Kalbinde Allah’ı zikretme şeklinde bir niyet yoktur. Namazın başından sonuna kadar, kalbi hiçbir an Allah’a yönelmez. Hangi düşünceyle namaza başlamışsa o düşünceyle namazdan çıkar.
10. Bu cümle müstakil bir cümle de olabilir, önceki cümle ile ilgili de olabilir. Eğer müstakil bir cümle olarak anlarsak anlamı şöyle olur: Hiçbir iyi işi Allah (c.c.) için halis niyetle yapmaz. Onun her yaptığı başkalarına gösteriş içindir. Başkaları onu medhetsin ve onu dünyada hayır sahibi olarak meşhur etsin diyedir. Yaptığının karşılığını bu dünyada görmekten başka bir şey düşünmez.
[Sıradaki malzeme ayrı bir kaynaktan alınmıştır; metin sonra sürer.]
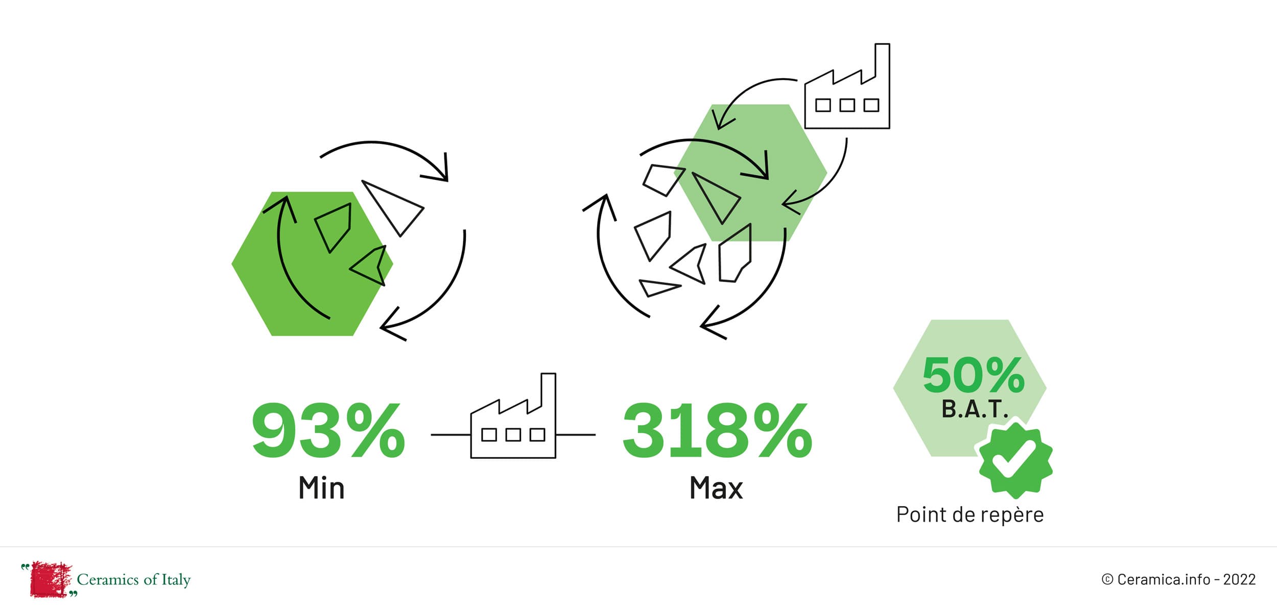 La céramique italienne dépasse largement les seuils minimaux des meilleures techniques disponibles (MTD) pour le traitement des déchets, émis par la Commission européenne en 2018. Les valeurs du facteur de recyclage des résidus vont d’un minimum de 93 % à un maximum de 318 %, dépassant largement la limite de 50 % requise par les MTD sectorielles.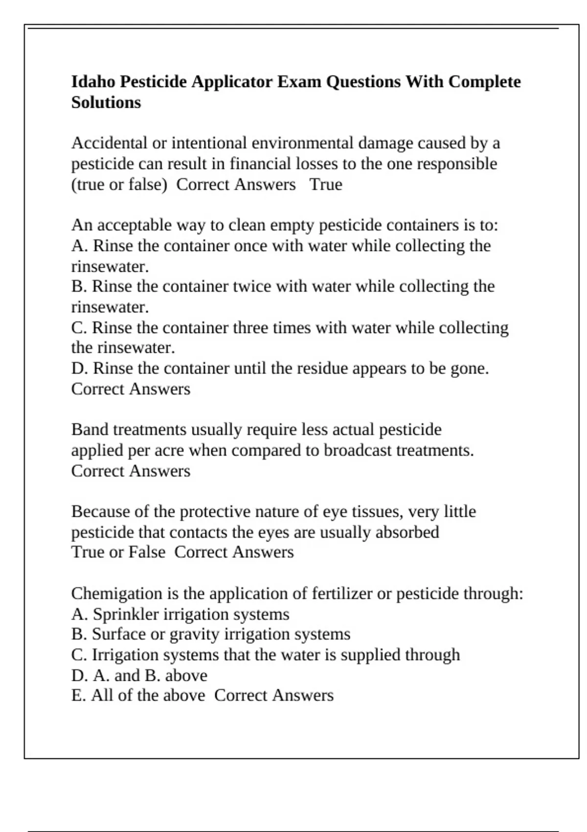 Idaho Pesticide Applicator Exam Questions With Complete Solutions

Eğer önceki cümleyle birlikte düşünürsek anlamı şöyle olur: Namazı gösteriş için kılar. Müfessirler genellikle ikinci manayı tercih etmişlerdir. Çünkü ilk bakıtşa bu cümlenin, önceki cümleyle birlikte olduğu anlaşılıyor. İbn Abbas, bundan muradın gösteriş için namaz kılan münafık olduğunu söylemiştir. Çünkü o tip insanlar, başka kimse varsa namaz kılarlar, kimse görmüyorsa namaz kılmazlar. İkinci bir rivayette cümle şöyledir: Yalnızken namaz kılmazlar başkası olduğunda kılarlar. (İbn Cerir, İbn Münzir, İbn Ebi Hatim, İbn Merduye, Beyhakî) Kur’an’da münafıkların bu hali açıklanarak, “namaza kalktıklarında üşenerek kalkar ve gösteriş için namaz kılarlar. Allah’ı da çok az zikrederler” buyurulmuştur. (Nisa, 142)
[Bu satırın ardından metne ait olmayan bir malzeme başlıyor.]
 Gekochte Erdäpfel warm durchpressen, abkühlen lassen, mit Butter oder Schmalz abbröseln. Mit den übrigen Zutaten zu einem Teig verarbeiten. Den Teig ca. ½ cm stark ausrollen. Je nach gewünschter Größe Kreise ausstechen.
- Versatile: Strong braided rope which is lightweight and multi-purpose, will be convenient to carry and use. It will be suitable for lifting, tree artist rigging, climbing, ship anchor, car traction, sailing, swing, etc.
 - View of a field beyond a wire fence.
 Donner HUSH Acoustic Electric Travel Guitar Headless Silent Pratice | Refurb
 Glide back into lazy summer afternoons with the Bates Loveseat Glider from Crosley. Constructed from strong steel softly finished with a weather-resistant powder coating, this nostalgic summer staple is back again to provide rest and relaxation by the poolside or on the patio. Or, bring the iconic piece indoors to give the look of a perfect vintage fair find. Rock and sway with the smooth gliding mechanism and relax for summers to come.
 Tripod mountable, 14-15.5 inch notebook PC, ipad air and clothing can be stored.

11. Burada “maun” kelimesi kullanılmıştır. Hz. Ali, İbn Ömer, Said b. Cübeyr, Katade, Hasan Basrî, Muhammed b. Hanefiyye, Dahhak, İbn Zeyd, Mücahid, Ata ve Zührî’ye göre bundan kasıt zekattır. İbn Abbas, İbn Mesud, İbrahim Nehaî, Ebu Malik ve pek çoklarına göre de bundan kasıt, günlük ihtiyaç olan eşyadır. Mesela tencere, kova, balta, terazi, tuz, su, ateş vs. İnsanlar bunları kullanmak için birbirlerine ödünç verirler. Said b. Cübeyr ve Mücahid’den bir kavil de bunu teyid etmektedir. Hz. Ali’nin bir kavline göre de bundan kasıt hem zekat hem de zarurî eşyalardır. İbn Ebi Hatim, İkrime’den nakletmiştir ki, “Maun’un en üstü zekat, en aşağısı da insanın ödünç olarak verdiği elek, kova veya iğnedir.” Abdullah b. Mesud şöyle buyurmuştur: Biz Rasulullah’ın ashabı olarak şöyle diyoruz. (Bazı rivayetlerde Rasulullah döneminde böyle denmiştir.) “Maun’dan kasıt tencere, balta, kova ve ödünç verilen bu gibi eşyalardır.” (İbn Cerir, İbn Ebi Şeybe, Ebu Davud, Neseî, Bezzar, İbni Münzir, İbn Ebi Hatim, Taberanî, İbn Merduye, Beyhakî) Sad b. Iyaz, isimlerini açıklamadan Rasulullah’ın ashabından hemen hemen aynı kavli nakletmiştir. Yani O, bunu müteaddit sahabeden duymuştur. (İbn Cerir, İbn Ebi Şeybe) Deylemî, İbn Asakir ve Ebu Nuaym, Ebu Hureyre’den Rasulullah’ın bu ayeti şöyle tefsir ettiğini rivayet etmişlerdir: “Bundan kasıt balta, kova ve bu gibi diğer eşyalardır.”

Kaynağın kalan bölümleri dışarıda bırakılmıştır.